@Sledneck52 I won’t try to change your conclusion. However, I will attempt to explain why the “wow factor” varies.
Processing Cores
You mention your iMac is a
2013 21.5” i7 model, which has a quad-core CPU. The M1 is an octo-core CPU, four high-performance and four high-efficiency cores. However, let’s ignore the high-efficiency cores as they’ll be assigned small, background tasks such as I/O traffic (e.g., Wi-Fi, USB, SSD), Notifications Center operations, etc. It’s important to also note, multiple processors designs have a limitation, not every workload can and does utilize them all.
CPU Frequency
Your iMac’s Core i7 has a clock speed of up to 3.1GHz per core. The
M1’s four high-performance cores are up to 3.2GHz each. Considering just these values, the M1 would be only ~3% faster. In contrast, my current Mac has a 2.5GHz dual-core CPU. Sticking with simple arithmetic, 2 x 2.5 = 5 vs. 3.2 x 4 = 12.8 (a 156% increase). Intel CPUs do have Turbo Boost, automatic overclocking, but again, let’s forget about it because that feature only applies to a single core and is normally applied in bursts. Lastly, every processor manufacturer has reached a clock speed ceiling (~5.5 GHz), which is why we’ve been seeing CPU and GPU designs with more and more cores.
CPU Efficiency
Beyond adding more cores, CPU engineers increased the onboard memory cache and the amount of instructions/operations cores can execute per cycle.

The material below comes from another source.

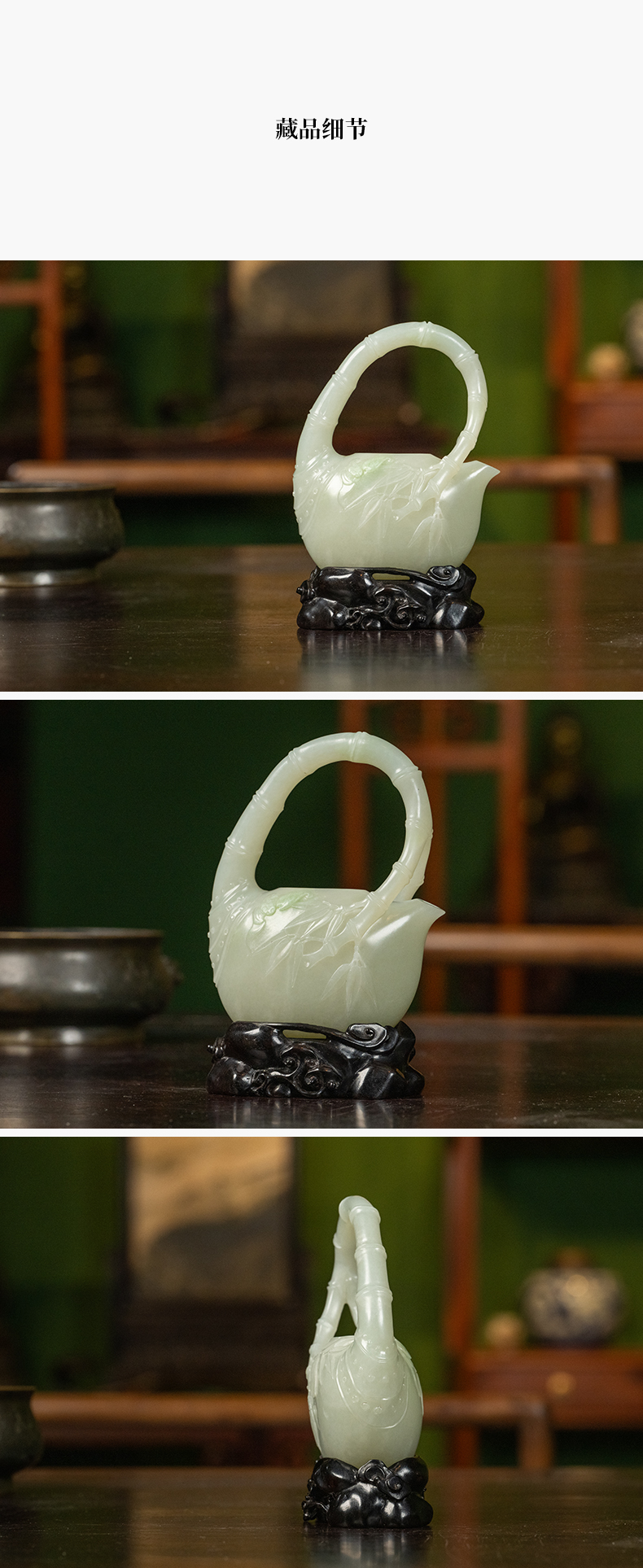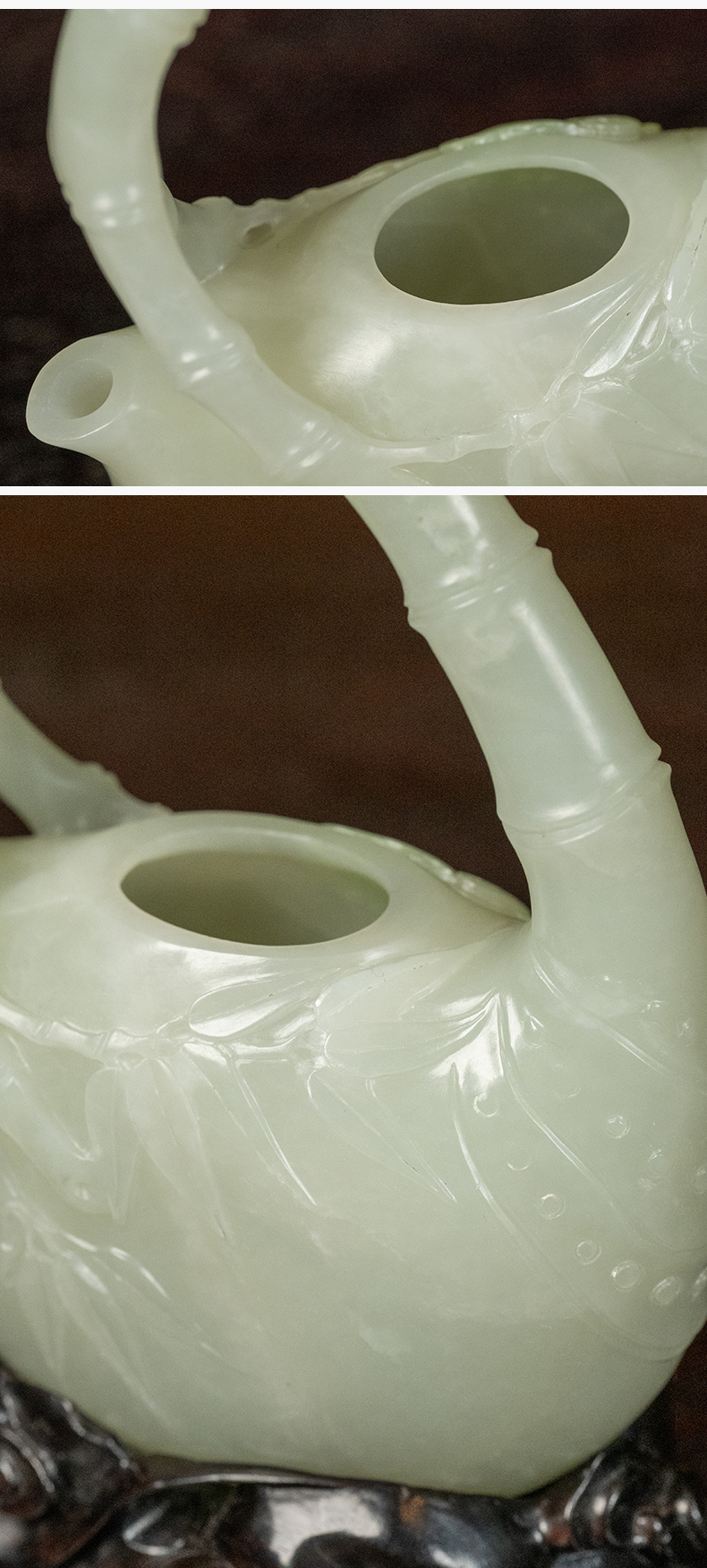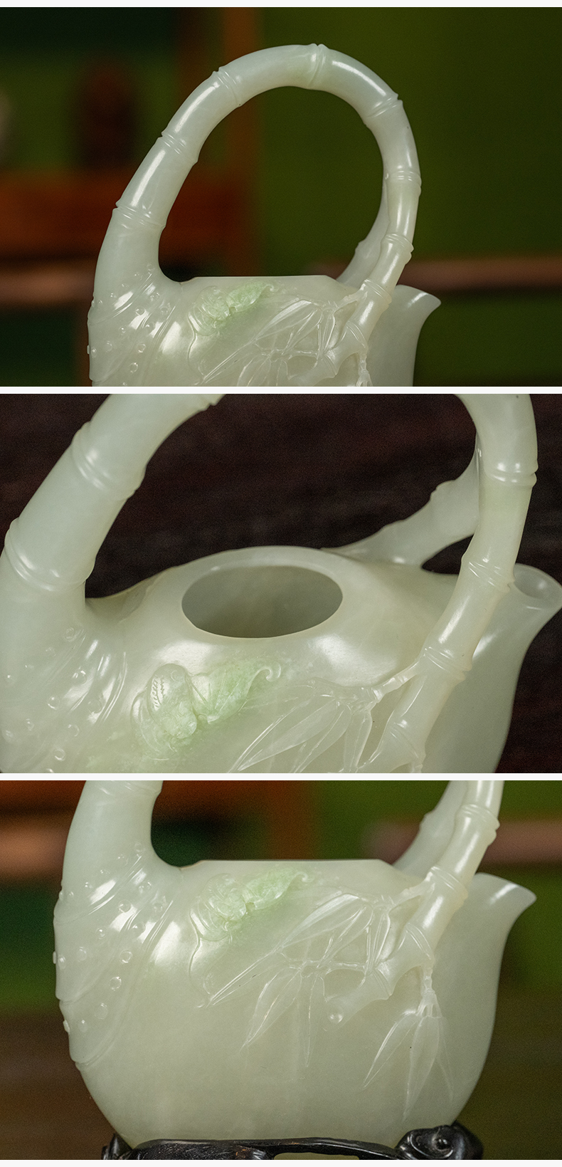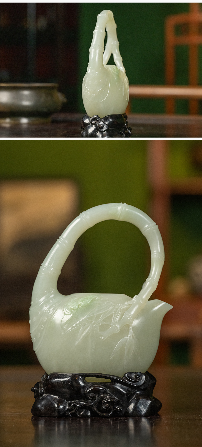 二十世纪 和田玉雕竹纹提梁壶摆件

On consumer-class CPUs, the cache amount isn’t extremely significant (.e.g., 3 to 16MB). On the other hand, workstation-class CPUs can include 128MB+ but also have dozens of processing cores.
Unfortunately, the instructions per cycle (IPC) improvements have similarly been minor for each CPU generation.
CPU Grade has a nice visualization.
CPU Grade said:
Cinebench R15 — Normalized to 3.00 GHz Single-Threaded Performance
In order to initiate an instruction throughput comparison, we must first normalize the processors to one fixed frequency. All models will comfortably operate at 3.00 GHz, and in the case that we might want to add older architectures to the graphs at a later date, the lower frequency also ensures that we don't need to start from scratch with what we have already. All architectures dating back to AMD's K8 and Intel's NetBurst are capable of reaching 3.00 GHz. Perfect.
To simplify a bit, there has only been ~30% IPC increase by Intel over seven years (the
Sandy Bridge to Coffee Lake microarchitectures) — according to a single benchmark, though I don’t think you’ll disagree with these results.
Optimization
Instruction set extensions (e.g., SSE4, AVX) are designed for specific tasks (e.g., video conversion, floating point calculations, machine learning) aiding software developers in performing these operations as efficiently as possible. Beyond CPUs, this type of optimization has been available in add-on card format (e..g, graphics cards, audio cards, video capture cards). Apple’s M1 combines these implementations. While the Arm architecture has its own versions of instruction set extensions, the M1 system on a chip (SoC) integrates hardware additions that behave like accelerator add-on cards (e.g., Neural Engine). When software developers fully utilize these, performance will/should be as optimal as possible (e.g., Apple used Intel’s SSE in iTunes for audio file conversions), therefore, creating the biggest boost in performance. Of course, proper and full implementation requires significant time and effort, plus whether or not there is an applicable, optimized component available for the use case.